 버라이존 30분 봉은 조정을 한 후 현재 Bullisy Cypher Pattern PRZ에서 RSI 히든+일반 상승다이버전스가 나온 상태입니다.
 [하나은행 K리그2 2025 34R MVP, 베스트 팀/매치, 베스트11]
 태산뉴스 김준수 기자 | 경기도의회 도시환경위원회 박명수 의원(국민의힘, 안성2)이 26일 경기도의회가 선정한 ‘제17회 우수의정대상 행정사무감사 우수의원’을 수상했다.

+-------+

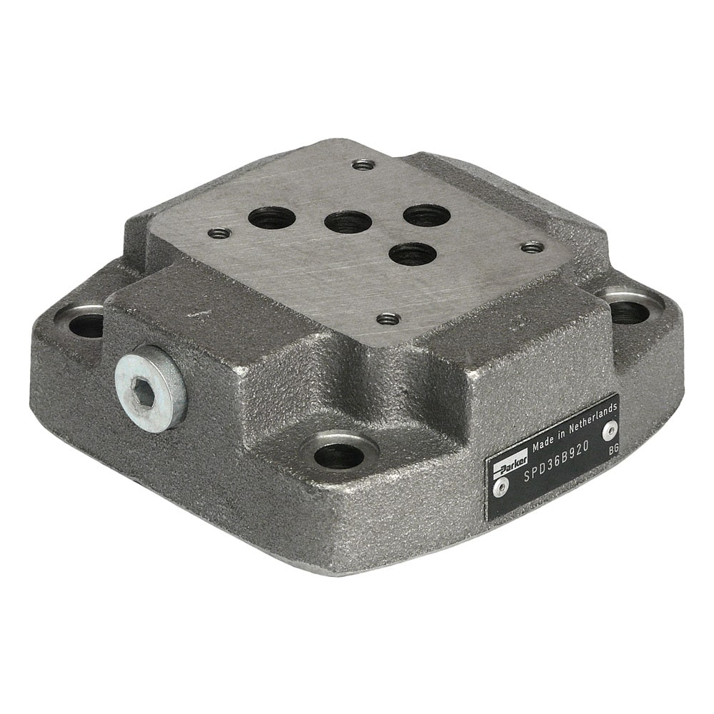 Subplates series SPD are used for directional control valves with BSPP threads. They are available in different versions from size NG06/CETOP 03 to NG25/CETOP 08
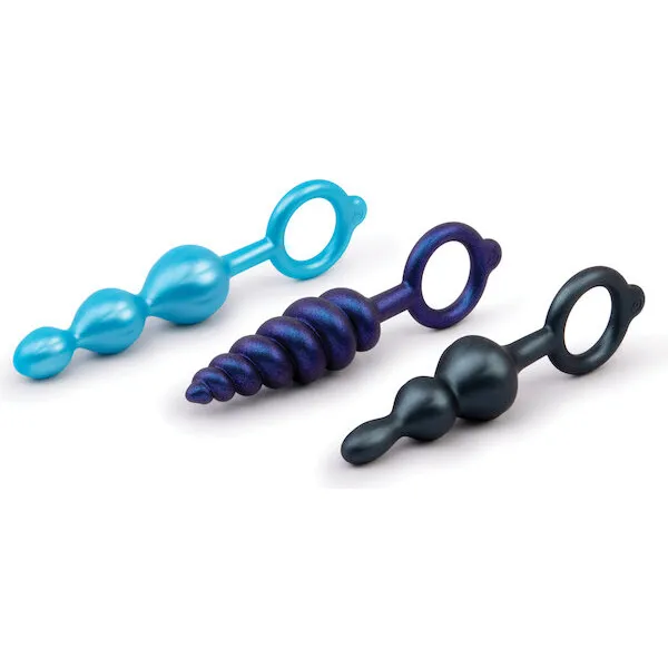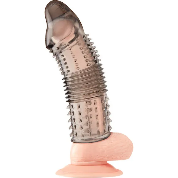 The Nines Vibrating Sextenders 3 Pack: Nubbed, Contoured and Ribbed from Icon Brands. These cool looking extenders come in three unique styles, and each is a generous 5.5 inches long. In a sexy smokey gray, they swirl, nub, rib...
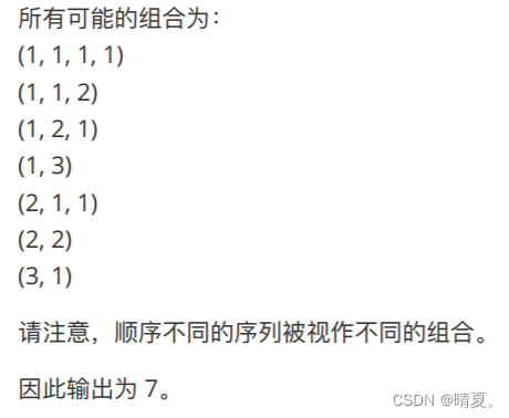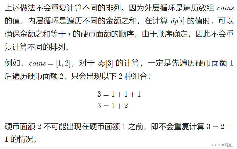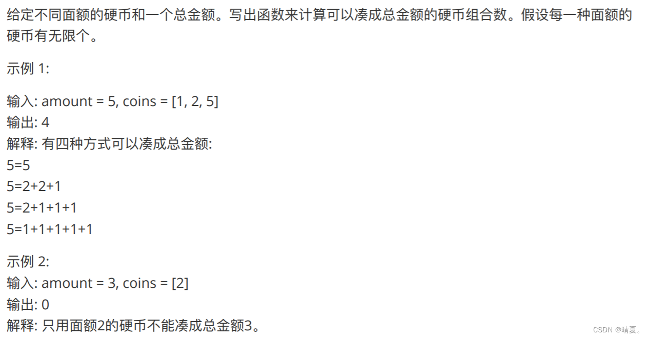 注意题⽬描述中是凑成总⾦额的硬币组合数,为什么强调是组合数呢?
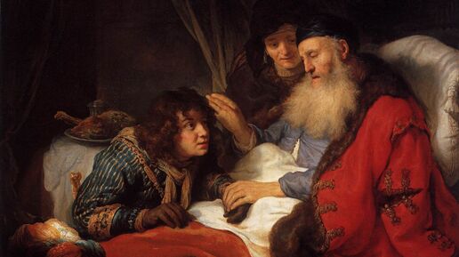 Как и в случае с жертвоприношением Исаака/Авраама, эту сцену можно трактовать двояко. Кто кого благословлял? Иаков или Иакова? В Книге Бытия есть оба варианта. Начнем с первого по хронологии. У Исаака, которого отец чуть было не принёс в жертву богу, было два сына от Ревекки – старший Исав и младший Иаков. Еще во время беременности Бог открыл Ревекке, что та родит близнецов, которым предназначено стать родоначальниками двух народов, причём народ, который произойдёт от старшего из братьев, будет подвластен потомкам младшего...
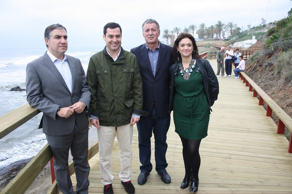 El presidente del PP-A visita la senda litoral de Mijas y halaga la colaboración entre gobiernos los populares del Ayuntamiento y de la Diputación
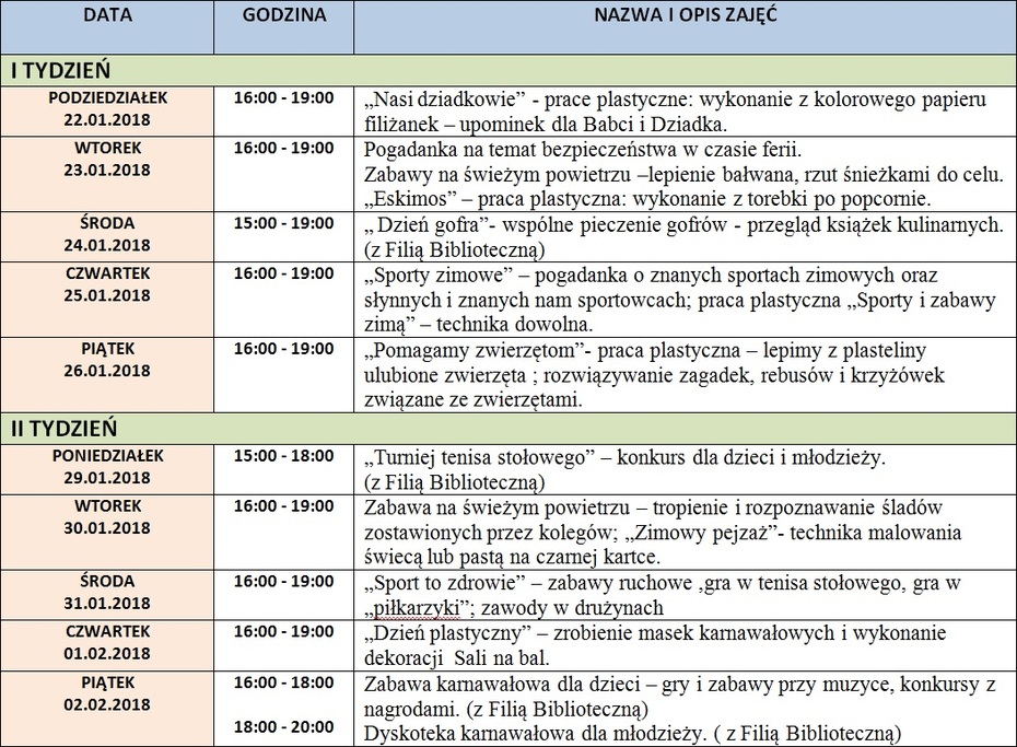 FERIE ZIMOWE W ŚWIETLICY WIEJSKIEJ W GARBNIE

+-------+

YOUR ASSIGNMENT:
Output the material above exactly, but only from the line that carries "버라이존 30분 봉은" through the line that carries "태산뉴스 김준수 기자".

SOLUTION TO THE PROBLEM:
 버라이존 30분 봉은 조정을 한 후 현재 Bullisy Cypher Pattern PRZ에서 RSI 히든+일반 상승다이버전스가 나온 상태입니다.
 [하나은행 K리그2 2025 34R MVP, 베스트 팀/매치, 베스트11]
 태산뉴스 김준수 기자 | 경기도의회 도시환경위원회 박명수 의원(국민의힘, 안성2)이 26일 경기도의회가 선정한 ‘제17회 우수의정대상 행정사무감사 우수의원’을 수상했다.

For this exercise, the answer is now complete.